__Supplied records__

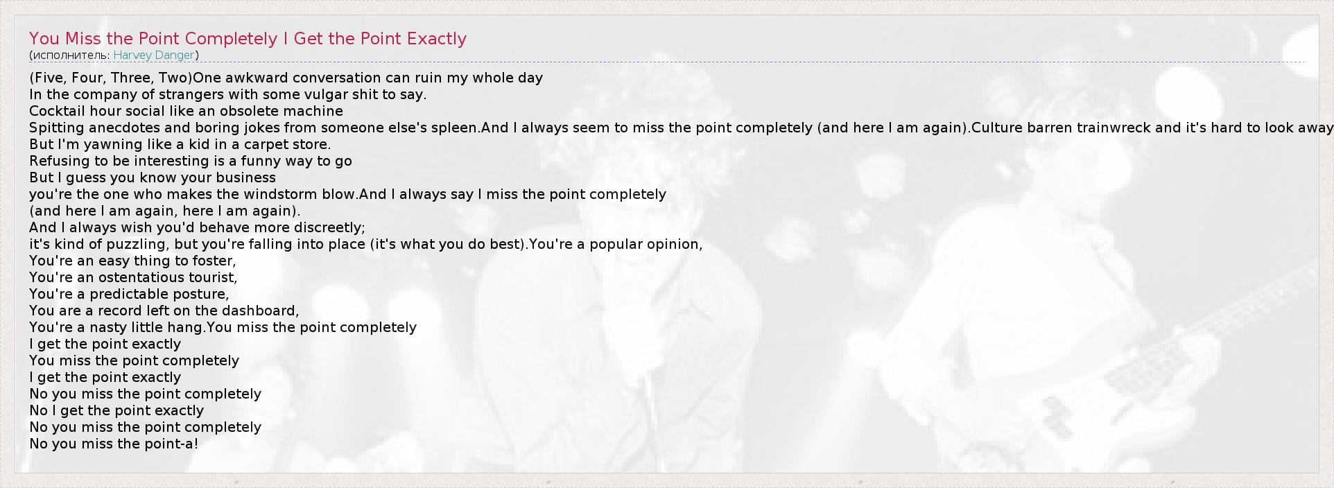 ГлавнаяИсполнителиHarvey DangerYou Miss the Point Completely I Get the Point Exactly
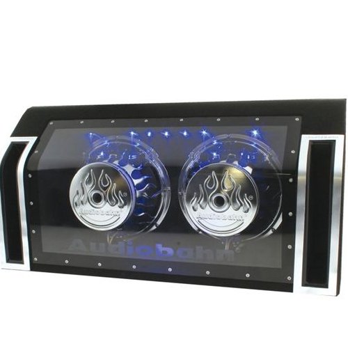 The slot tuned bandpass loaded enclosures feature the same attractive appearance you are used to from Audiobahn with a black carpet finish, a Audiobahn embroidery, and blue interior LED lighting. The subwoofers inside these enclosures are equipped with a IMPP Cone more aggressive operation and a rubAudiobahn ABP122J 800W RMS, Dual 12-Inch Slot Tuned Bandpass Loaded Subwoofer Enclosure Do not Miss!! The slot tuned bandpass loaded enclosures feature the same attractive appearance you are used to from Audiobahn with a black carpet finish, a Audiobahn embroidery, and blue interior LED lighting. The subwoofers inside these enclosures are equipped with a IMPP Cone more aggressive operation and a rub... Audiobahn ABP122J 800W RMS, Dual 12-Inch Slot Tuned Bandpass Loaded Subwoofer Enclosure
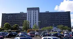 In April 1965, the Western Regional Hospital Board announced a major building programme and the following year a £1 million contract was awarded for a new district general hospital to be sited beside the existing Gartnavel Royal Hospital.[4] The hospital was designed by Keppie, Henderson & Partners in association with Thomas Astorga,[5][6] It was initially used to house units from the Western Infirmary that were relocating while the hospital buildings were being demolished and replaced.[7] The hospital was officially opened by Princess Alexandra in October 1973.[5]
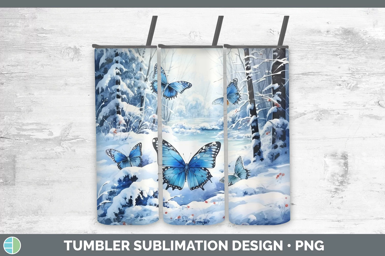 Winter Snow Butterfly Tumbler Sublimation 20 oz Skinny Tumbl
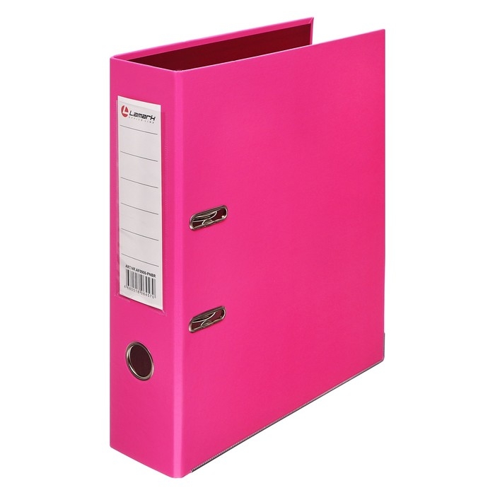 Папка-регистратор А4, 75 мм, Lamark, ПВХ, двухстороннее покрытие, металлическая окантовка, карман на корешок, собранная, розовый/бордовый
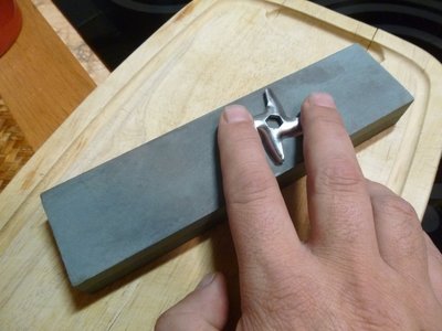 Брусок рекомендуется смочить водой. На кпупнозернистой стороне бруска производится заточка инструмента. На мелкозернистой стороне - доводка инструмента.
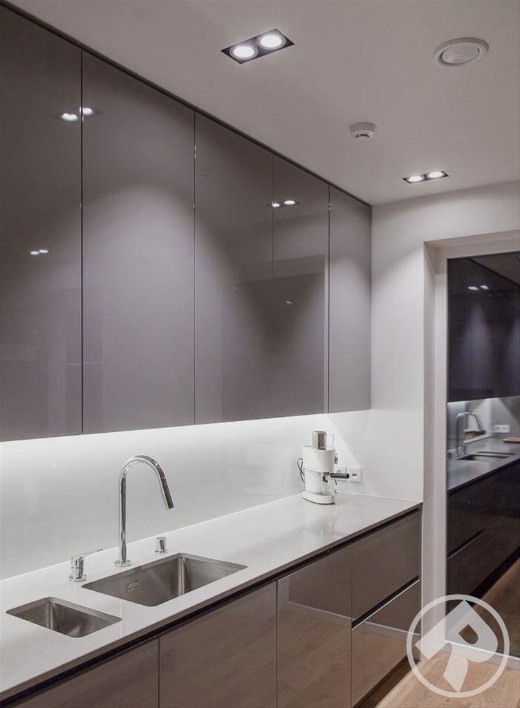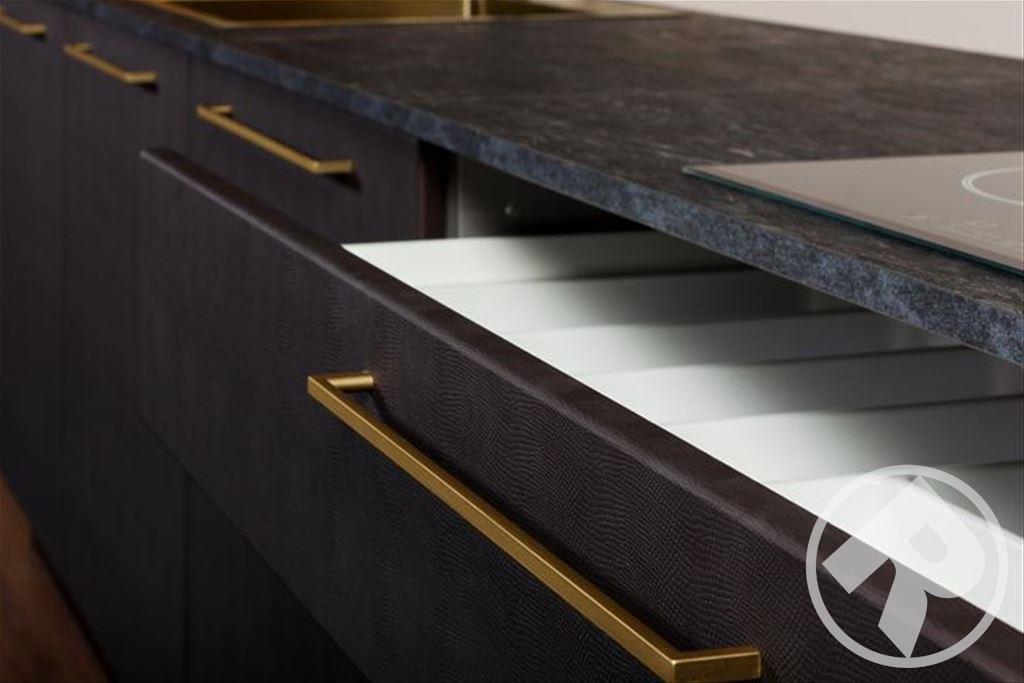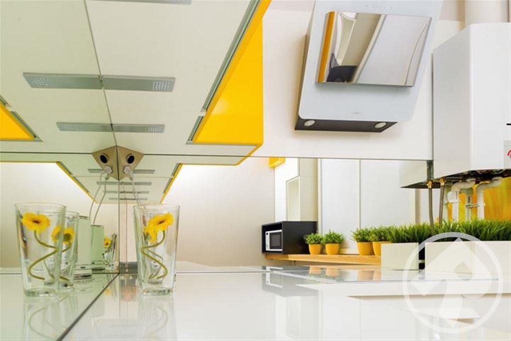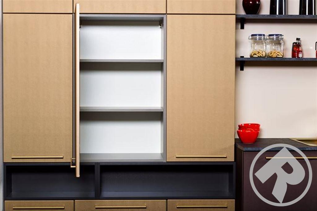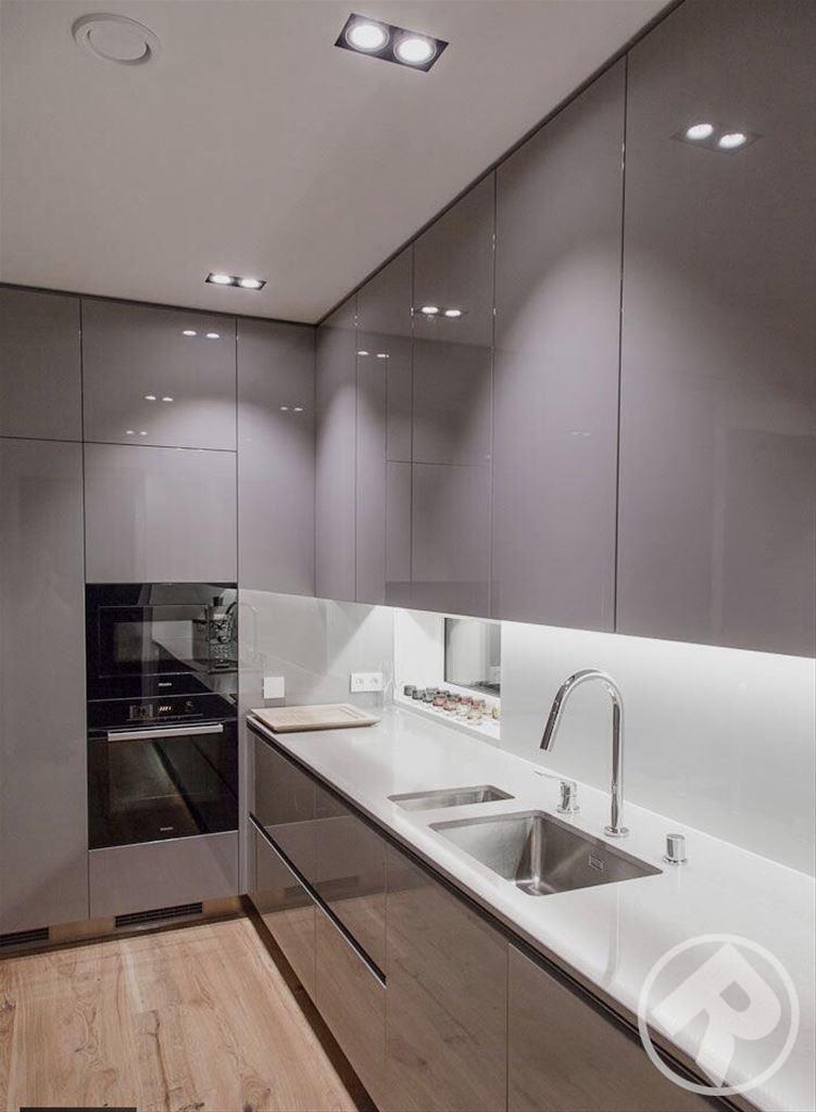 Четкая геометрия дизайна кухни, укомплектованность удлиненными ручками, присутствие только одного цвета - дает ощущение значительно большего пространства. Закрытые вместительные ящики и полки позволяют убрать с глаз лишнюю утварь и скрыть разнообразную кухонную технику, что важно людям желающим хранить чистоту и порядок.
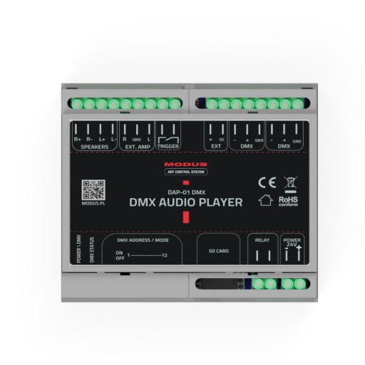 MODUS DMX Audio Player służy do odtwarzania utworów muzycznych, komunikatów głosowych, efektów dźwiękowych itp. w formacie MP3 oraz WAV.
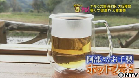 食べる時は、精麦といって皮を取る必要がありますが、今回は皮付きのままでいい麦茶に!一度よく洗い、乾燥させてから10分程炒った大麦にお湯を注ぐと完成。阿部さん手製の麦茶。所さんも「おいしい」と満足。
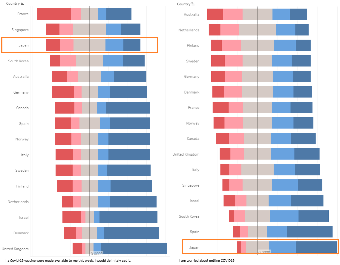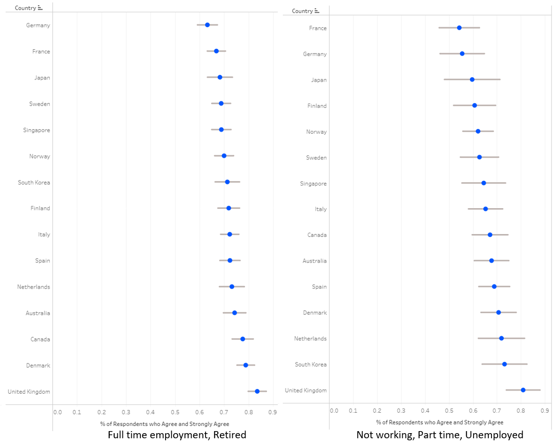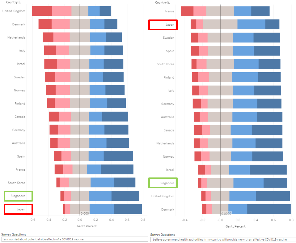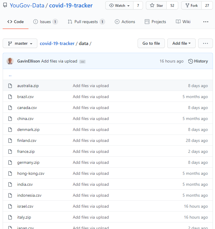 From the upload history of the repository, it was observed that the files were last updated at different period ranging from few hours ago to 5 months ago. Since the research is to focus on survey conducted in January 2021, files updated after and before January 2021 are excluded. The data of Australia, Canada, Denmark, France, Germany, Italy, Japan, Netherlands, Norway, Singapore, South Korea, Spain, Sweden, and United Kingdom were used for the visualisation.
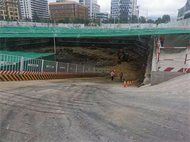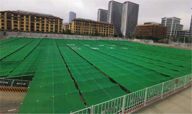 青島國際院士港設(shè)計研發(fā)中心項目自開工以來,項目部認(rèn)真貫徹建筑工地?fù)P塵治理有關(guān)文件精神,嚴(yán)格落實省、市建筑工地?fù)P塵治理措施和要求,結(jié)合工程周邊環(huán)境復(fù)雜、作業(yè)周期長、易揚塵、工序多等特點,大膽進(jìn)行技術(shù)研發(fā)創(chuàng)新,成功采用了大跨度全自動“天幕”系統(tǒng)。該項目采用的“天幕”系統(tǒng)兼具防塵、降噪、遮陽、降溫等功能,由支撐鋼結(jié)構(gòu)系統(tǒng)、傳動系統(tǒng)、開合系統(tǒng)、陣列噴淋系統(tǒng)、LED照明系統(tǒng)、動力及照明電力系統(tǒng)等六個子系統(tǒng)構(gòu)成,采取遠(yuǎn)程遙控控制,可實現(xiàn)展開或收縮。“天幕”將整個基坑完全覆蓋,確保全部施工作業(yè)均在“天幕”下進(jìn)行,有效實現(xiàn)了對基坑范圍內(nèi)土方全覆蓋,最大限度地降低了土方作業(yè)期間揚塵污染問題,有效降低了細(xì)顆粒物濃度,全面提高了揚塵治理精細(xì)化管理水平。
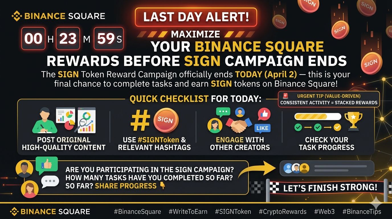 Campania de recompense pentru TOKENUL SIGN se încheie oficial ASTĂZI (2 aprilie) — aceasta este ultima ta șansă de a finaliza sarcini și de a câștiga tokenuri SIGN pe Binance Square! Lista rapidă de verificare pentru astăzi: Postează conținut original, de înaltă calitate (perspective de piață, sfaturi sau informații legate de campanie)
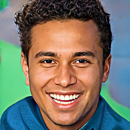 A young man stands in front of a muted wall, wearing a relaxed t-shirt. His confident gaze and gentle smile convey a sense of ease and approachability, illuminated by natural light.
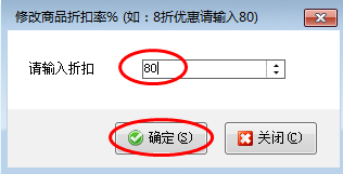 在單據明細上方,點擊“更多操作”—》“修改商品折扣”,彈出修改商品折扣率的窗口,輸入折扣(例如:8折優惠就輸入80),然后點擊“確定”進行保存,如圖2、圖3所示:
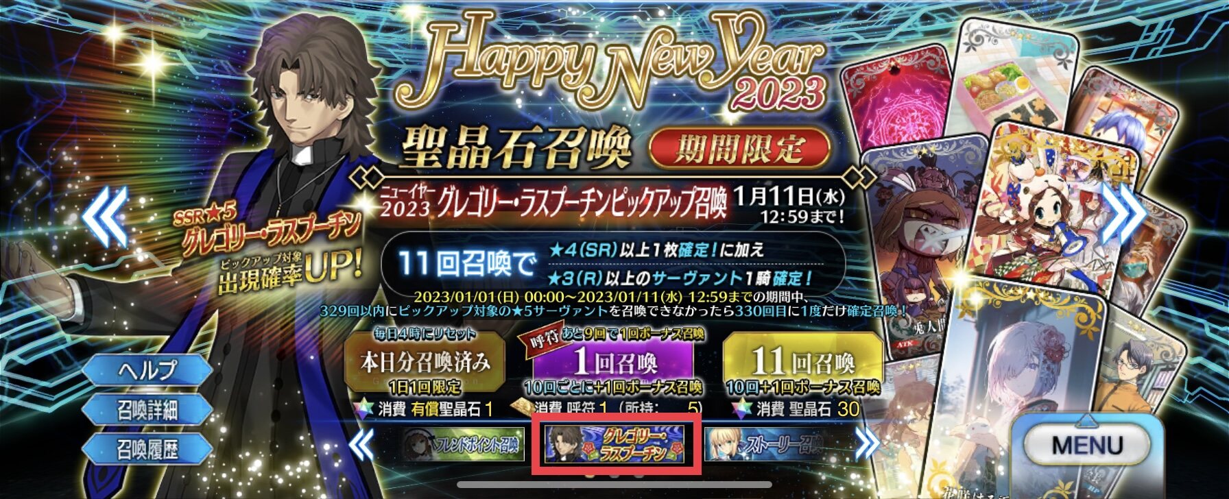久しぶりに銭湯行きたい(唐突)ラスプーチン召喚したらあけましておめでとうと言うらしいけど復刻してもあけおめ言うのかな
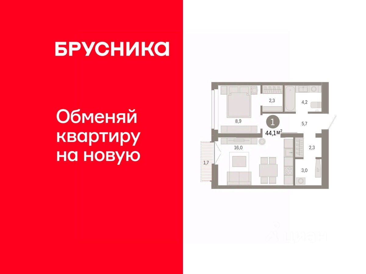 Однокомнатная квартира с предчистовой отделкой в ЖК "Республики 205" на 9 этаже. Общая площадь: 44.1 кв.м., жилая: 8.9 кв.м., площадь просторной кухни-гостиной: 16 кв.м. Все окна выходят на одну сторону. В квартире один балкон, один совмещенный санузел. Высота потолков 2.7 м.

__Work item__
Transcribe the lines above exactly, beginning at the one with "Папка-регистратор А4, 75" and ending at the one with "From the upload". Include both; exclude the pictures.

__Exercise result__
 Папка-регистратор А4, 75 мм, Lamark, ПВХ, двухстороннее покрытие, металлическая окантовка, карман на корешок, собранная, розовый/бордовый
 Брусок рекомендуется смочить водой. На кпупнозернистой стороне бруска производится заточка инструмента. На мелкозернистой стороне - доводка инструмента.
 Четкая геометрия дизайна кухни, укомплектованность удлиненными ручками, присутствие только одного цвета - дает ощущение значительно большего пространства. Закрытые вместительные ящики и полки позволяют убрать с глаз лишнюю утварь и скрыть разнообразную кухонную технику, что важно людям желающим хранить чистоту и порядок.
 MODUS DMX Audio Player służy do odtwarzania utworów muzycznych, komunikatów głosowych, efektów dźwiękowych itp. w formacie MP3 oraz WAV.
 食べる時は、精麦といって皮を取る必要がありますが、今回は皮付きのままでいい麦茶に!一度よく洗い、乾燥させてから10分程炒った大麦にお湯を注ぐと完成。阿部さん手製の麦茶。所さんも「おいしい」と満足。
 From the upload history of the repository, it was observed that the files were last updated at different period ranging from few hours ago to 5 months ago. Since the research is to focus on survey conducted in January 2021, files updated after and before January 2021 are excluded. The data of Australia, Canada, Denmark, France, Germany, Italy, Japan, Netherlands, Norway, Singapore, South Korea, Spain, Sweden, and United Kingdom were used for the visualisation.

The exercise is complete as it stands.